The Hebrew in the book of Job speaks of הַשָּׂטָ֖ן (haś-śā-ṭān) with the definite article (‘the’), yielding the literal translation, ‘the Satan.’ At 10:03 in a video of an interview hosted by SBTS Professor James Hamilton, Hernández explains that he encourages his Hebrew students to use wooden, literal, one-to-one translation in all instances, a practice that’s familiar to most who have studied the language. The video can be viewed below.


Hernández addresses the translation of הַשָּׂטָ֖ן in particular.

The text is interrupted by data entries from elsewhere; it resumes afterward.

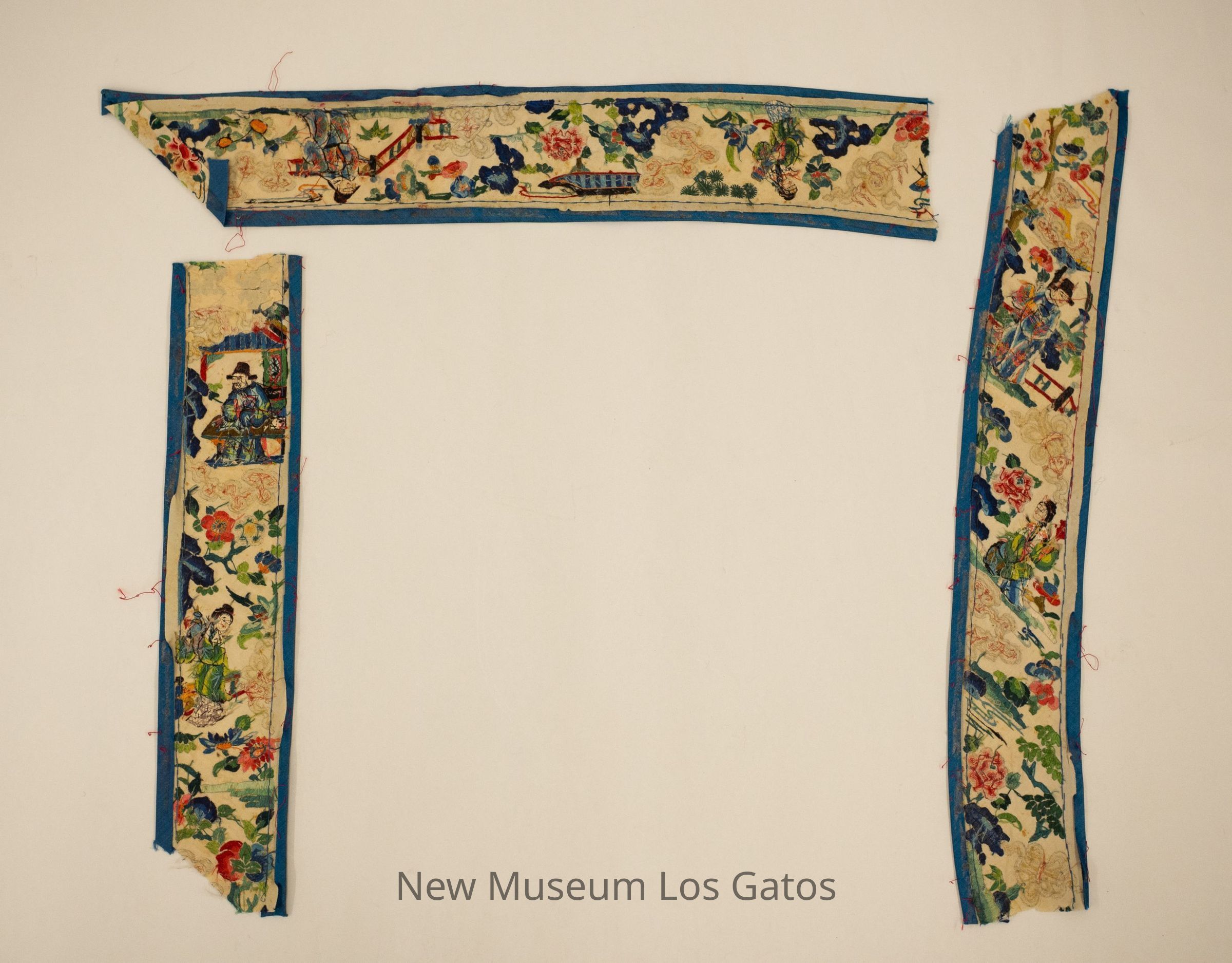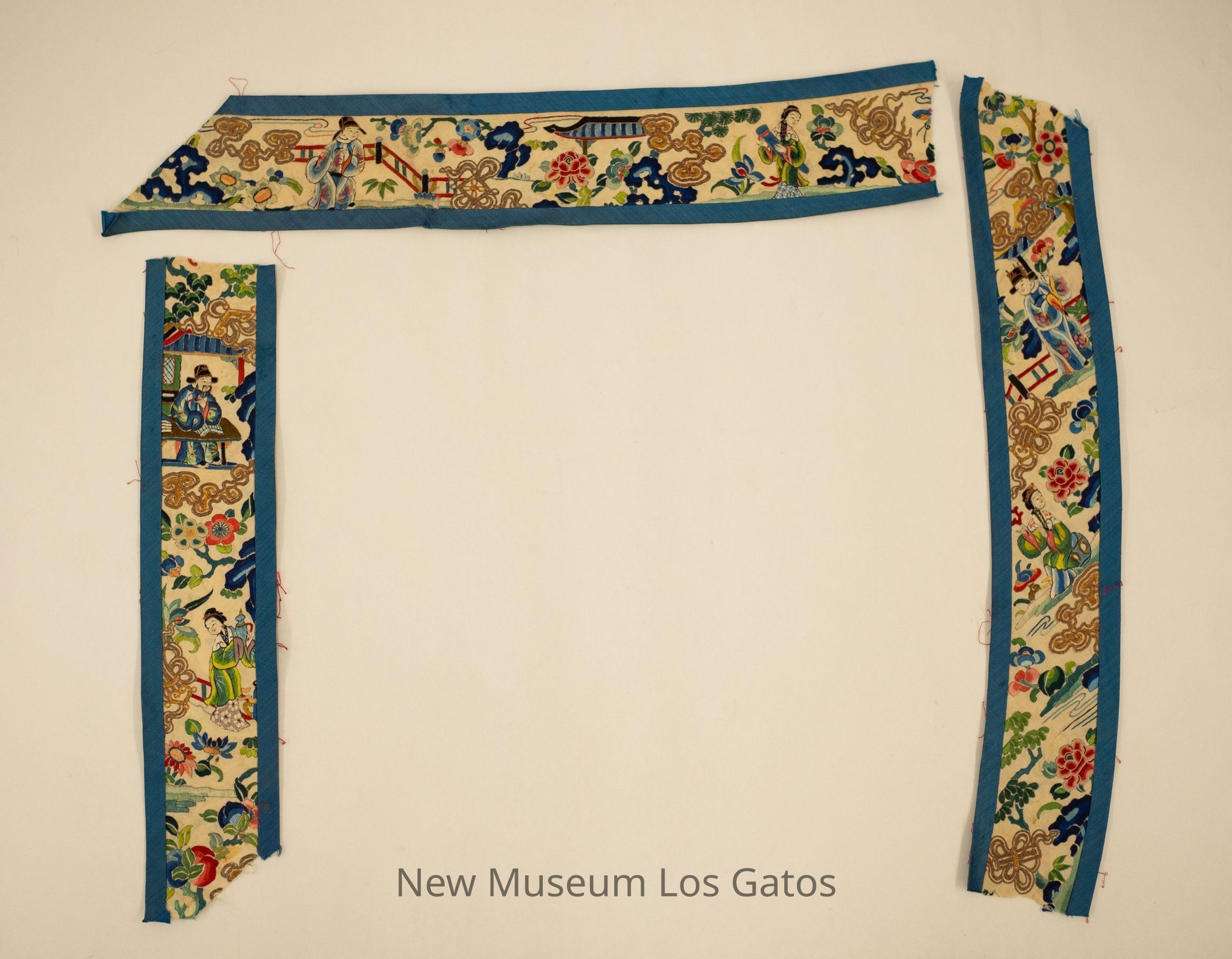 Three fabric strips featuring intricate decorative embroidery, one with a horizontal pattern and two with a vertical pattern. For all three pieces, the base color is beige, with thick blue edges. Each strip features a Chinese man and a Chinese woman in bright clothing, as well as vibrantly colored flowers and decorative metal patterns.Collection
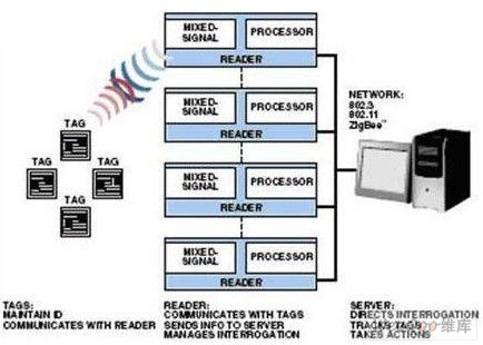总体而言,读取器提供了三项主要的功能:与标签进行双向沟通,以便将每个标签区隔开来;将接收到的资讯做初步处理;连接将资讯连回企业中的伺服器。
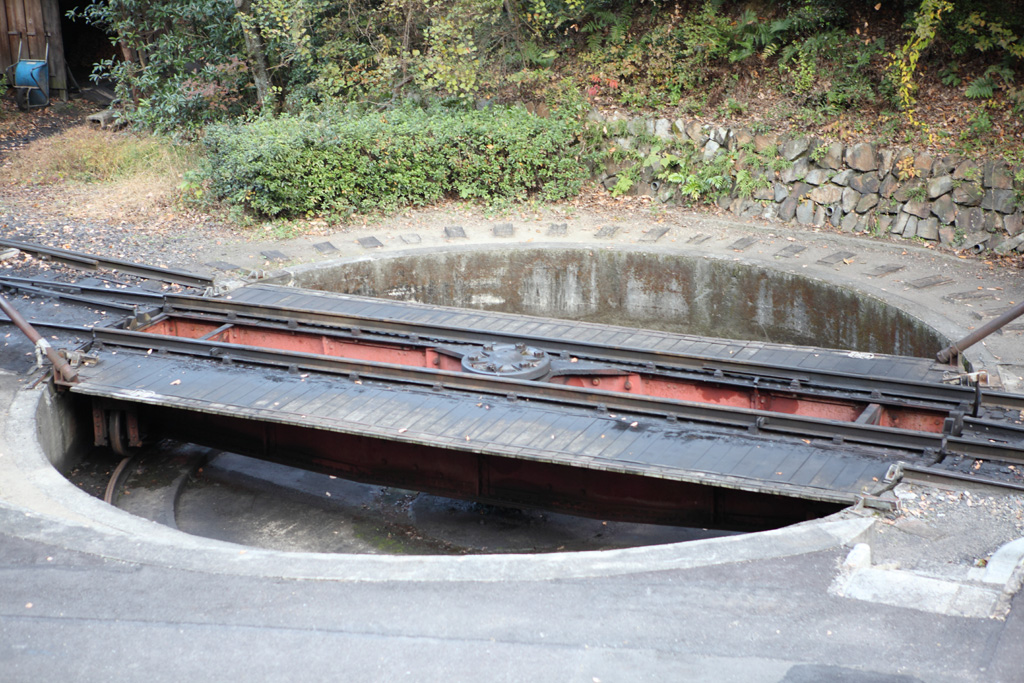 ここで園内を走っている電車の向きを回転させます。ただし人力です。
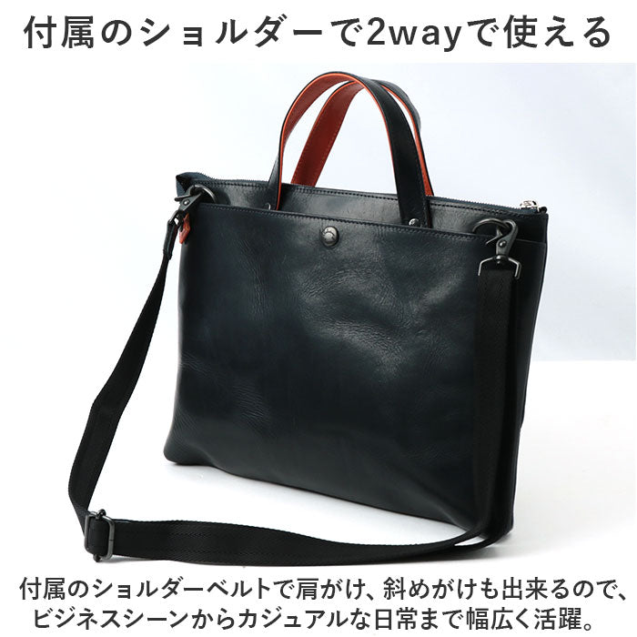 ・付属のショルダーベルトで肩がけ、斜めがけも出来るので、ビジネスシーンからカジュアルな日常まで幅広く活躍。

Here’s what we see in this case. We see, הַשָּׂטָ֖ן, written just that way. ה is the definite article, translated as ‘the,’ and שָּׂטָ֖ן is ‘Satan’ or ‘Adversary.’ הַשָּׂטָ֖ן can mean ‘the Satan,’ ‘the Adversary.’ That word שָּׂטָ֖ן functions as a noun and also functions as a proper name, as a proper noun, as a name. When my students translate, they translate all of that woodenly, so if the definite article shows up, they’ll translate the definite article. Then, we make sense out of it. We go back and look at what the text is actually saying in its context. And we utilize the skills, the reading skills that we have in order to understand what’s going on in the passage.

Hamilton asks, “So you think that there’s a real literal Satan?” Hernández answers emphatically, “Yes!” Hamilton repeats, “Yes?” And Hernández again responds, “Yes.” Fuller himself refers to “the Satan of the New Testament” in his criticism of Hernandez’s perceived position. One is left to wonder how a literal translation of what the inspired text of Job says, ‘the Satan,’ can be discerned from old school liberalism, in Fuller’s view.

Fuller is an exemplary scholar and Hebrew professor who is known for his vigilance in guarding against liberalism. Obviously, the accusations of liberalism are very serious. Some may complain that SBTS is wrong to focus on responding to such minutiae while ignoring much more significant concerns raised elsewhere. But SBTS is simply addressing the charges that were made against one of its professors. Thus the first Fuller video, and the response from SBTS, could be a bad omen for those who still sense trouble in the theological trajectory of the SBC. The video, which focuses on interdepartmental disagreements, seems to distract from larger concerns. The response video implies that SBTS stands at the ready to address similar charges in the future.

In the meantime, we should pray for our professors (both those who were let go and those who continue to teach), our seminaries, and our Southern Baptist Convention.